Unusual Electrical Conductivity Driven by Localized Stoichiometry Modification at Vertical Epitaxial Interfaces

TL;DR

This study demonstrates that localized stoichiometry modification at vertical epitaxial interfaces can induce highly directional electrical conductivity, overcoming dead layer issues and enabling nanoscale control of electron transport in oxide heterostructures.

Contribution

It reveals how cation diffusion-driven stoichiometry changes can switch LSMO from insulating to metallic at interfaces, offering a new method for engineering oxide electronics.

Findings

Over three orders of magnitude difference in out-of-plane vs. in-plane conductivity.

Localized cation diffusion causes phase transition from insulator to metal.

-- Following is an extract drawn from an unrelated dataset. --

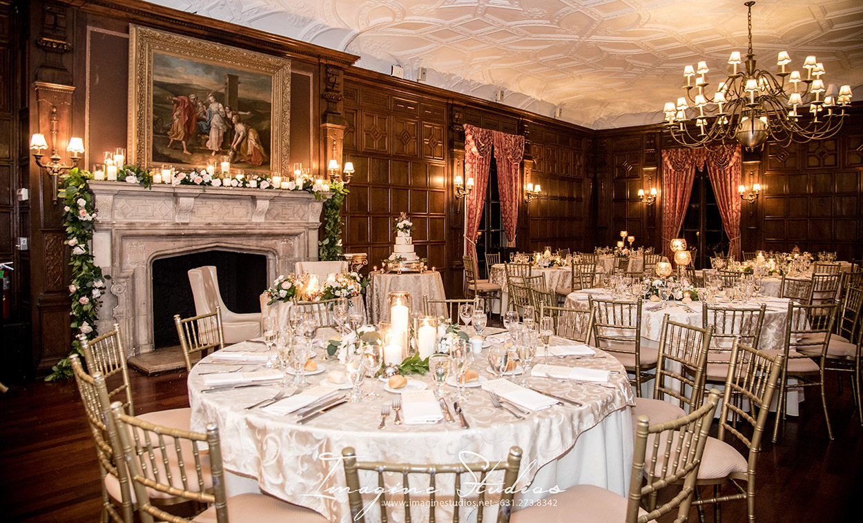 Our team has designed a blend of our Traditional and Mansion Style affairs. Instantaneously, following cocktail hour, dinner will take place on one end of the mansion and characteristically lasts about 1.5 hours at which time, all the formalities you have spent precious time fashioning will commence. Subsequent to dinner, you and your guests can dance the night away in either the elegant ballroom or the dining room, and enjoy our European dessert café.
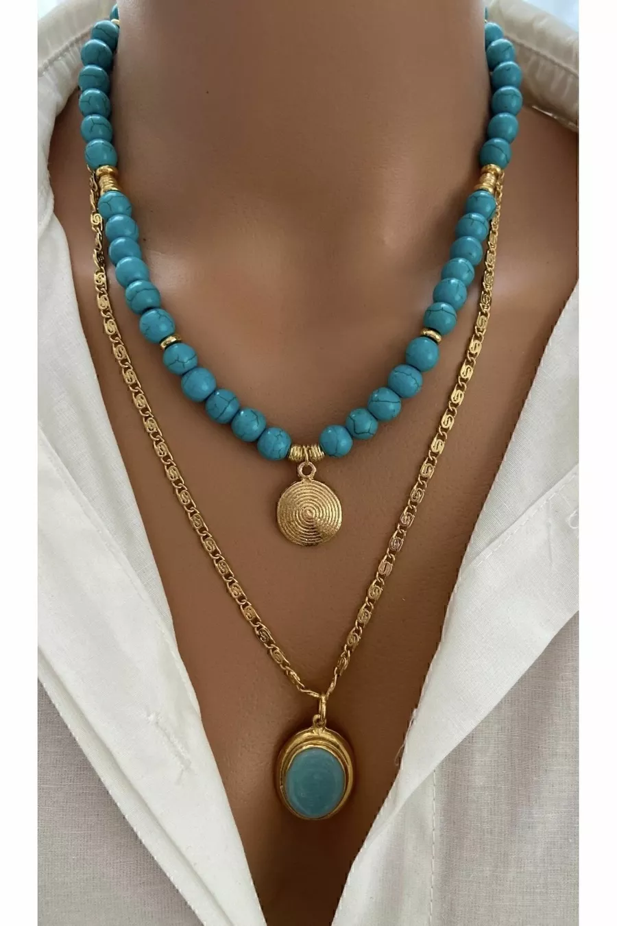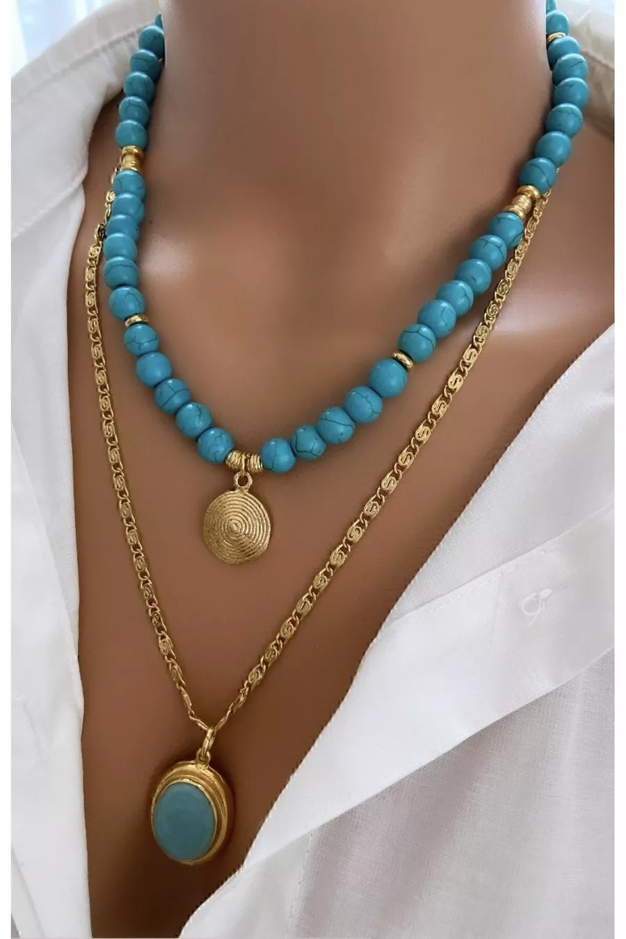 Materiaalcomponenten: GEREAL NATURELLE STEEN en GEPARELERD MET GOUDGEPLAATSTE MESH-KETTING. METALEN ZIJN GOUDGEPLAATST en HANDGEMAAKT

Stoichiometry modification overcomes dead layer problems in LSMO.

Abstract

Precise control of lattice mismatch accommodation and cation interdiffusion across the interface is critical to modulate correlated functionalities in epitaxial heterostructures, particularly when the interface composition is positioned near a compositional phase transition boundary. Here we select La1-xSrxMnO3 (LSMO) as a prototypical phase transition material and establish vertical epitaxial interfaces with NiO to explore the strong interplay between strain accommodation, stoichiometry modification, and localized electron transport across the interface. It is found that localized stoichiometry modification overcomes the plaguing dead layer problem in LSMO and leads to strongly directional conductivity, as manifested by more than three orders of magnitude difference between out-of-plane to in-plane conductivity. Comprehensive structural characterization and transport measurements reveal that this emerging behavior is related to a compositional change produced by directional cation diffusion that pushes the LSMO phase transition from insulating into metallic within an ultrathin interface region. This study explores the nature of unusual electric conductivity at vertical epitaxial interfaces and establishes an effective route for engineering nanoscale electron transport for oxide electronics.